Renzo non potrebbe riuscire più simpatico di così. È l’espressione di fede che esce dal cuore riconoscente A Dio, anche nei travagli, e indulgente cogli uomini, anche nella persecuzione, eleva il povero montanaro a una sfera di virtù e d’eroismo cristiano che giustifica pienamente, almeno qui, la qualifica di “primo uomo della nostra storia” attribuitagli dal Manzoni e fa di lui un simbolo vivente della fiducia nella Provvidenza. Ma non è il solo personaggio del romanzo a vivere in questa luce di fede. Né l’episodio di Renzo è l’unico degno di nostra sotto questo riguardo, anche se occupa, per così dire idealmente, una posizione centrale. Il Manzoni ha voluto fare molto di più. Ha inteso esporre - coi Promessi Sposi - il poema della Provvidenza. Dell’immortale capolavoro non si potrebbe infatti dare definizione migliore. Osservare la trama del romanzo. Essa obbedisce ad una regola, ora tacita, ora palese, ma sempre presente: la Divina Provvidenza.

Non è ancora spenta la eco delle ingiuriose parole di don Rodrigo contro il Padre Cristoforo, il quale a testa bassa abbandona alla solitudine tormentosa dell’abbietto rivale, che un sommesso bisbiglio proveniente dall’oscurità di un androne richiama l’attenzione del Frate.
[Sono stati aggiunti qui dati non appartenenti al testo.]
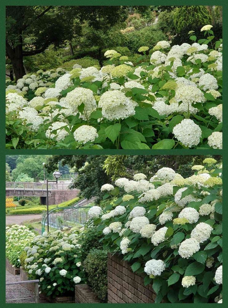 麻溝公園のアナベル群生地と、階段にあるアナベルが見事です😃🤍🤍🤍💚
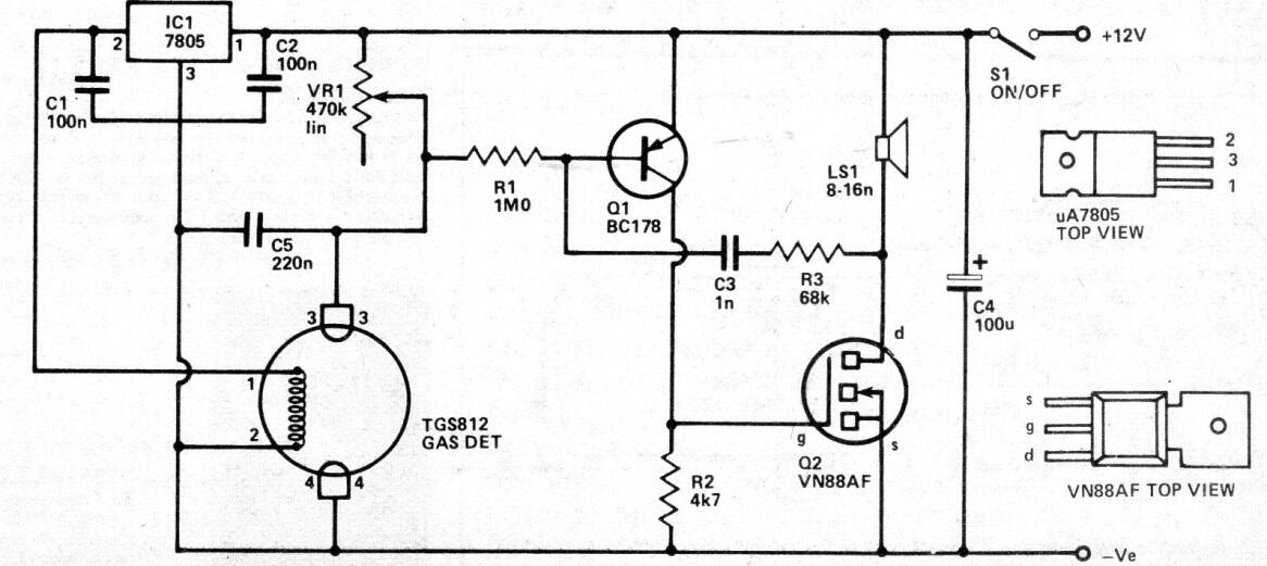 Este circuito es antiguo, de una publicación en inglés de 1979, por lo que el sensor indicado ya no se encuentra fácilmente. Los transistores aceptan equivalentes y la energía se suministra desde una fuente externa de 12 V.
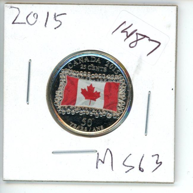 2015 Canadian 25 Cent Commemorative Coin - 50 Years Flag - Color
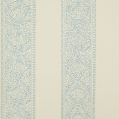 07186/05 Verney Mallory Stripes Wallpaper By Colefax and Fowler features a captivating decorative print of paisley motifs and florals held within borders to create a stunning wide width stripe, shown here in Blue.

È un vecchio servitore del Castello che cautamente lo chiama, l’unico vero galantuomo fra tanti bravacci egli sa molte cose e vuole salvare l’anima sua. Il caro vecchietto ha il suo segreto da confidare al Frate; un segreto che può mandare a monte tutte le mene di don Rodrigo. Fra Cristoforo ne approva lo zelo lo conforta a indagare lo benedice e lo invita ad andare al convento. Poi volta le spalle a quella casaccia, dove s’annida la malvagità e pensa, mentre discende verso Pescarenico: Ecco un filo che la Provvidenza mi mette fra le mani. E in quella casa medesima.

Amici, sì è proprio il filo della Provvidenza che costituisce l’orditura del romanzo. Dio lo mette in mano a Fra Cristoforo in un momento quanto mai difficile e contro oggi sua immediata aspettativa.

Egli che ha il merito d’averlo individuato nel groviglio delle oscure vicende in cui pareva perduto, vi si aggrappa, né più lo smarrisce. Il filo della Provvidenza scoperto da Padre Cristoforo, dove meno si penserebbe, lega tutti gli avvenimenti del capolavoro Manzoniano. A volte sembra spezzarsi, scomparire quasi, per lasciare gli avvenimenti in balia di se stessi.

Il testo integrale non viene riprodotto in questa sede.